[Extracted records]
┌────────

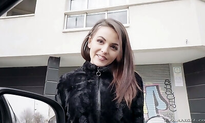 Skinny amateur French teen gets fucked in interchange for a van ride
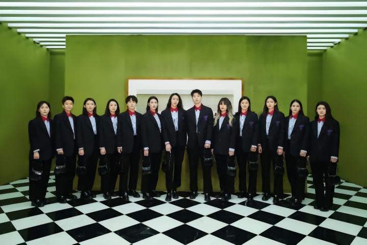 1月18日,《Pradasphere II》“中国女足之夜”专场活动于上海START星美术馆举办。中国国家女子足球队部分队员身着Prada为其量身打造的全新制服亮相,展示令人耳目一新的飒爽英姿。黑色羊毛定制套装上衣绣有女足国家队紫色凤标队徽,内搭蓝白条纹府绸衬衫,红色领口对比鲜明,彰显充满朝气、勇气与锐气的女性榜样形象。
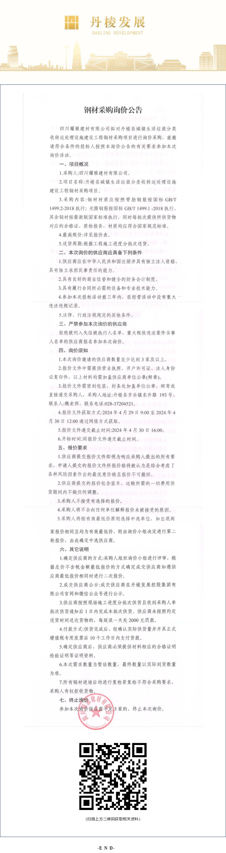 丹棱縣城鎮(zhèn)生活垃圾分類收轉(zhuǎn)運(yùn)處理設(shè)施建設(shè)工程鋼材采購項目詢價公告
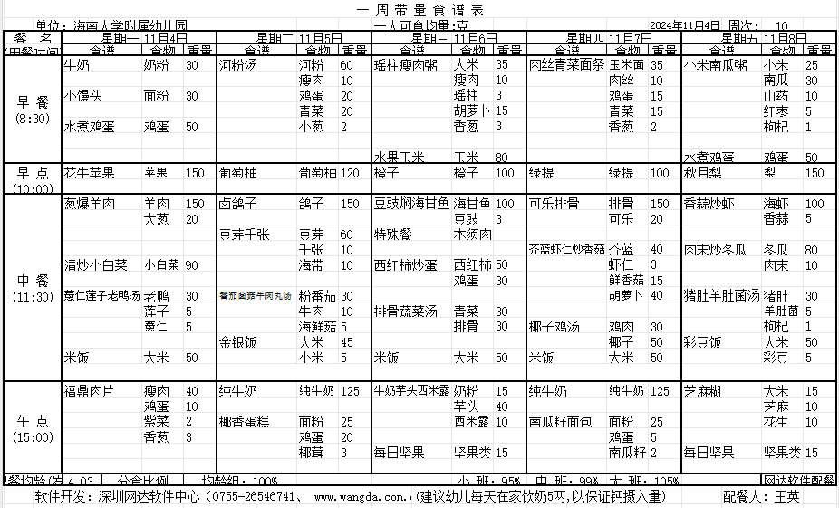 yl7703永利附属幼儿园2024年秋季第十周食谱
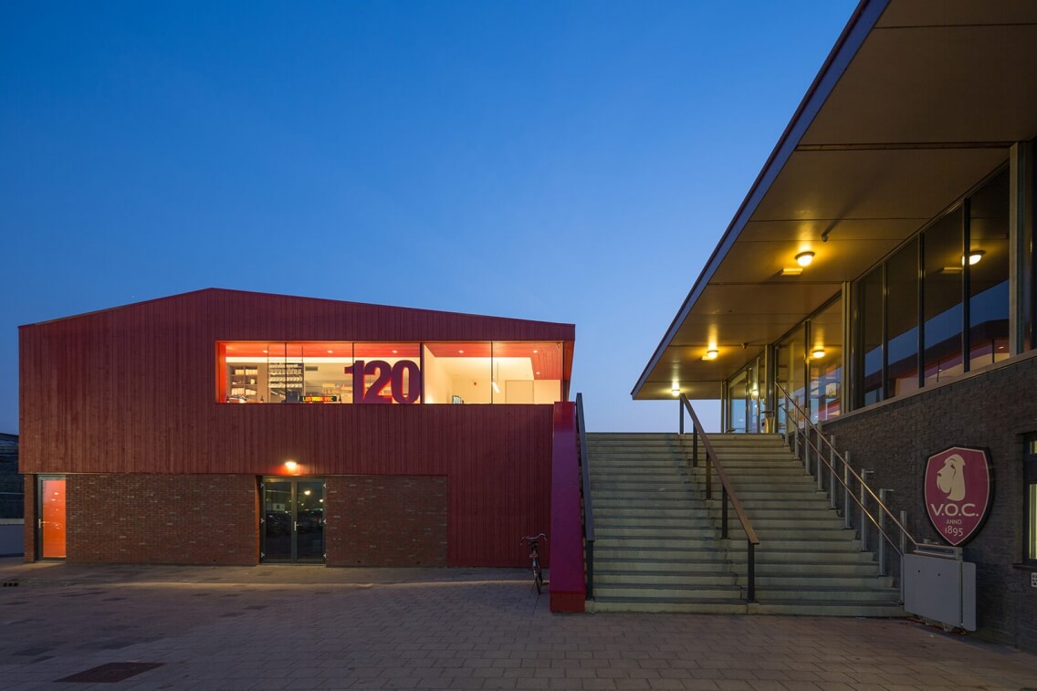 Haaks op het bestaande clubhuis van de Rotterdamse Cricket- en Voetbalvereniging V.O.C. uit 2004, werd een uitbreiding gerealiseerd. In samenhang met bordessen en trappartijen ontstaat zo een nieuw ensemble met meer kleedkamers, multi-functionele ruimtes, opslag, technische ruimtes en een beter gesitueerd kantoor voor de vestigingsmanager. Door zijn rode kleurstelling, en de gekozen dakhelling en overstek sluit het nieuwe clubhuis aan bij de oudbouw. De rode houten gevelbekleding wordt doorgezet in het interieur dat tevens door de architecten is ontworpen. Volledig glazen puien en een open hoek zonder middenstijl garanderen hier een royaal uitzicht over de velden. Het project maakt deel uit van het onderzoeksproject Architect aan Zet waarbinnen de architect zowel de technische als de ruimtelijke toetsing verzorgt, gericht op een soepele aanvraagprocedure voor de omgevingsvergunning.
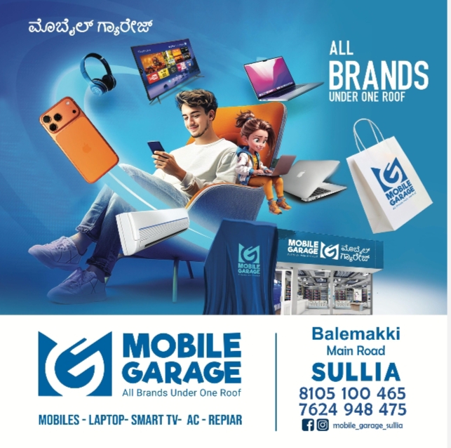 ಸುಳ್ಯದ ಮುಖ್ಯ ರಸ್ತೆಯಲ್ಲಿ ಬಾಳೆಮಕ್ಕಿ ಕಟ್ಟಡದಲ್ಲಿ ಕಾರ್ಯಾಚರಿಸುವ ಮೊಬೈಲ್ ಗ್ಯಾರೇಜ್ ಮಳಿಗೆಯಲ್ಲಿ ಎಲ್ಲಾ ಕಂಪೆನಿಯ ಸ್ಮಾರ್ಟ್ ಫೋನ್, ಮೊಬೈಲ್ ಎಸ್ಸೆಸರೀಸ್ಗಳ ಮತ್ತು ಸ್ಮಾರ್ಟ್ ವಾಚ್ ಖರೀದಿಗೆ ರಿಯಾಯಿತಿ ದರ ಲಭ್ಯವಿದೆ.
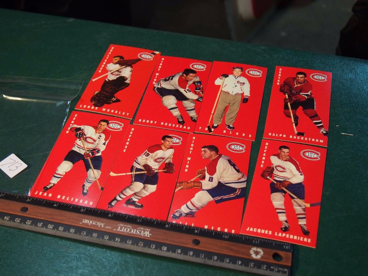 Lot of Montreal Canadiens 1964-65 Parkhurst Tallboys Re-print Hockey Cards (8) (Beliveau, Worsley)
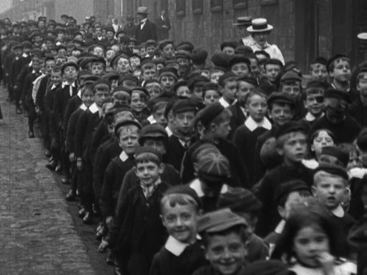 Edwardian boys and girls leave school, shuffled along by their earnest teachers.
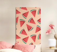 Ce poster numérique rafraîchissant présente un motif ludique et répétitif de tranches de pastèque éclatantes. Chaque tranche est représentée avec une chair rouge juteuse, des graines foncées et une écorce verte croustillante, le tout dispersé sur un fond doux de pêche pâle. Les couleurs gaies et le motif répétitif créent une esthétique amusante, estivale et pop art. Ce poster numérique de haute qualité, proposé à 7000x5000 pixels et 300 dpi, apporte un art excellent et une ambiance joyeuse et fraîche à n'importe quel espace.
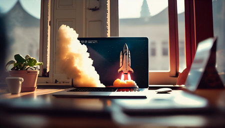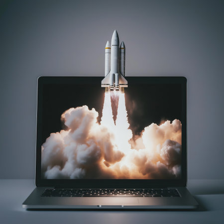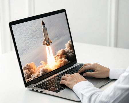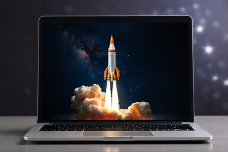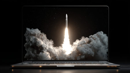 close-up of laptop screen, with rocket blasting off into the sky, created with generative ai
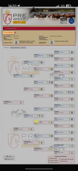 Preciosa potra PRE, con pasaporte PRE, de 5 años de edad, con nivel 2 de doma. Súper carácter en pista con más caballos, en el campo, con el herrador y con el transporte. Es muy predispuesta al trabajo y tiene mucha energía, y un súper carácter. Es una buena yegua de futuro para el deporte. Tiene radiografías OK y es negativa en Piro.
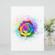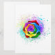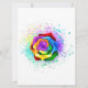 Large, blooming rose with rainbow petals on white background, painted over with splashes of colourful, bright paint. 3d
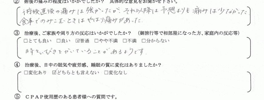 ウ、いびきの音以外で、術後気になる点はございますか?
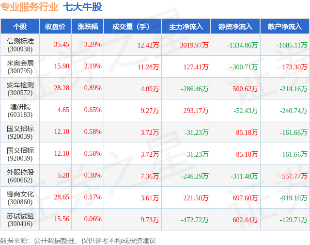 个股表现方面,专业服务行业当日领涨股为信测标准(300938),该股当日报收35.45,上涨3.2%,成交量12.42万,主力资金净流入3019.97万元。米奥会展(300795)以上涨2.19%紧随其后,该股当日成交量11.28万,主力资金净流入127.41万元。除此之外,安车检测(300572)、建研院(603183)、国义招标(920039)均进入当日牛股之列。具体个股列表见下表:
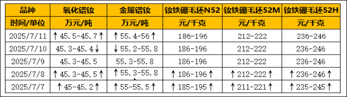 本周稀土市场价格整体呈现偏强走势。周初,镨钕价格保持稳定,进入周中后持续上行。金属生产厂家陆续出货,对氧化物的采购量有所增加,导致市场上低价现货供应收紧。同时,期货盘面价格处于高位,带动现货市场价格同步上涨。到了周后期,镨钕价格趋于平稳,金属厂根据实际需求进行询单,市场报价保持坚挺。磁材企业对金属的采购情况较好,陆续完成接货,使得金属成交价格有所上移,低价现货进一步减少。
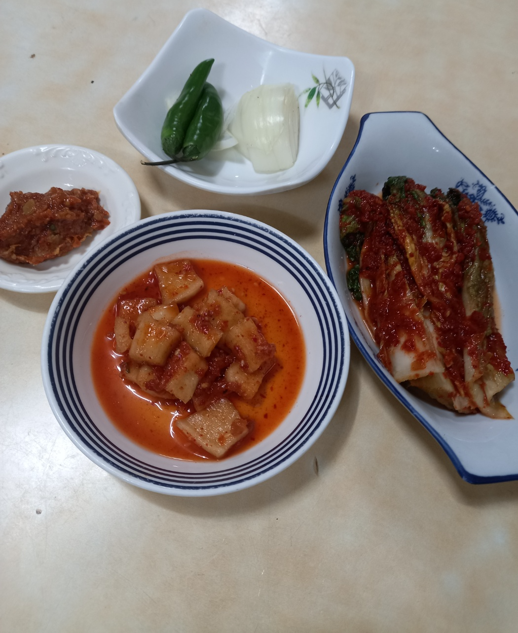 양파 고추 깍두기 배추김치.
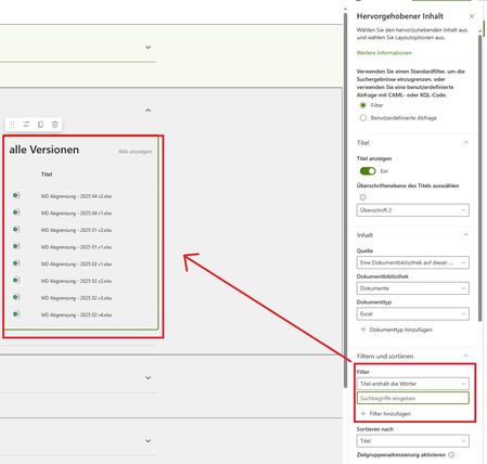 Sharepoint Webseite - Webart Filter "Titel enthält die Wörter"
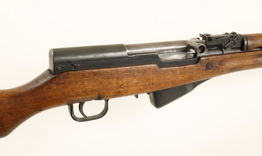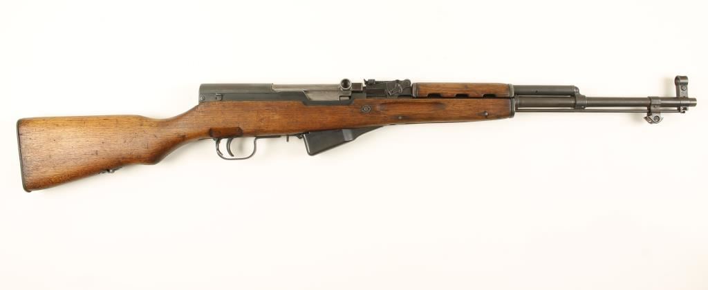 Chinese made semi auto military rifle with 19-1/2" barrel. Blued finish, oil finished wood stock, hooded front sight graduated rear sight to 1,000 meters, 10 shot fixed magazine. All numbers matching including stock. Very good bore and action. Condition: Good overall showing high point wear and dings and bruising in wood. *Modern Firearm*
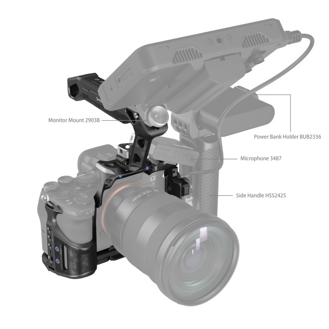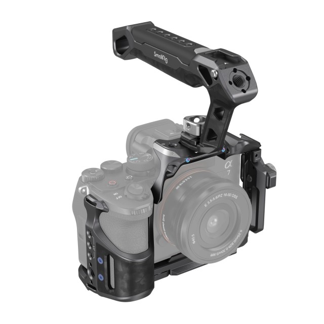 Das SmallRig "Rhinoceros" Basic Cage Kit für Sony Alpha 7R V / Alpha 7 IV / Alpha 7S III 3708 wurde entwickelt, um Aufnahmen aus niedrigen Winkeln zu erleichtern, die Kamera zu schützen und Befestigungspunkte für Zubehör bereitzustellen. Das Kit umfasst einen Käfig, einen oberen Griff und eine HDMI-Kabelklemme. Sowohl der Käfig als auch der obere Handgriff sind tragbar, da sie aus leichterer Kohlefaser gefertigt sind, was längere Aufnahmen aus der Hand ermöglicht. Beim Käfig sorgen ein Fixierstift, eine 1/4"-20-Schraube und eine M2,5-Schraube zusammen für eine sichere Befestigung der Kamera. Die Kamera verfügt über ein klares, stromlinienförmiges Design, das den vollen Zugriff auf die oberen Tasten ermöglicht.
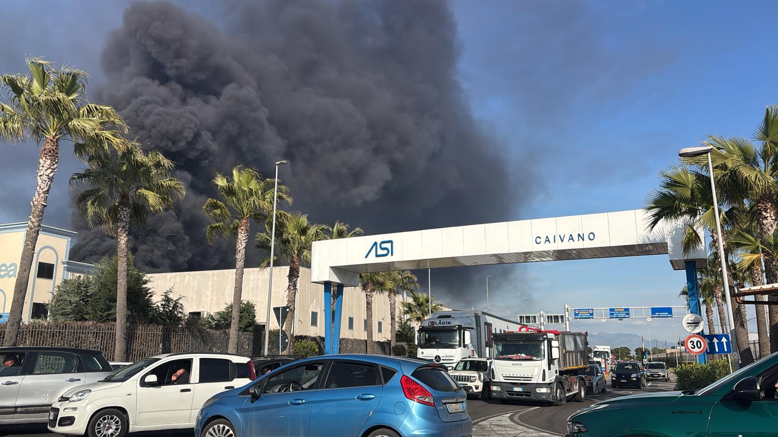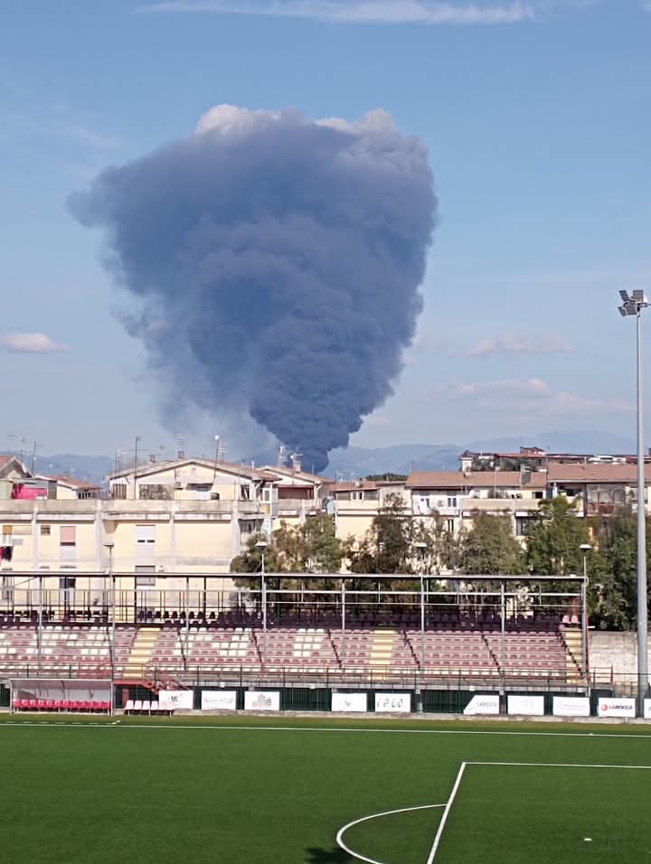 MARCIANISE/CAIVANO. Un vasto incendio è divampato oggi pomeriggio, intorno alle ore 16:00, all’interno della Chimpex, una fabbrica chimica situata nell’area industriale di Pascarola, al confine tra i comuni di Caivano e Marcianise. Le fiamme hanno generato in pochi minuti una spaventosa nube nera che si sta estendendo rapidamente su tutto il comprensorio, avvolgendo i centri abitati di Marcianise, Orta di Atella, Caivano e numerosi altri comuni della zona, compresa l’area di Aversa e Santa Maria Capua Vetere.

└────────

_Task requirements:_ All lines from the start of the entries above through the line containing "1月18日,《Pradasp" are to be given again exactly; the pictures are not.

_Your response:_
 Skinny amateur French teen gets fucked in interchange for a van ride
 1月18日,《Pradasphere II》“中国女足之夜”专场活动于上海START星美术馆举办。中国国家女子足球队部分队员身着Prada为其量身打造的全新制服亮相,展示令人耳目一新的飒爽英姿。黑色羊毛定制套装上衣绣有女足国家队紫色凤标队徽,内搭蓝白条纹府绸衬衫,红色领口对比鲜明,彰显充满朝气、勇气与锐气的女性榜样形象。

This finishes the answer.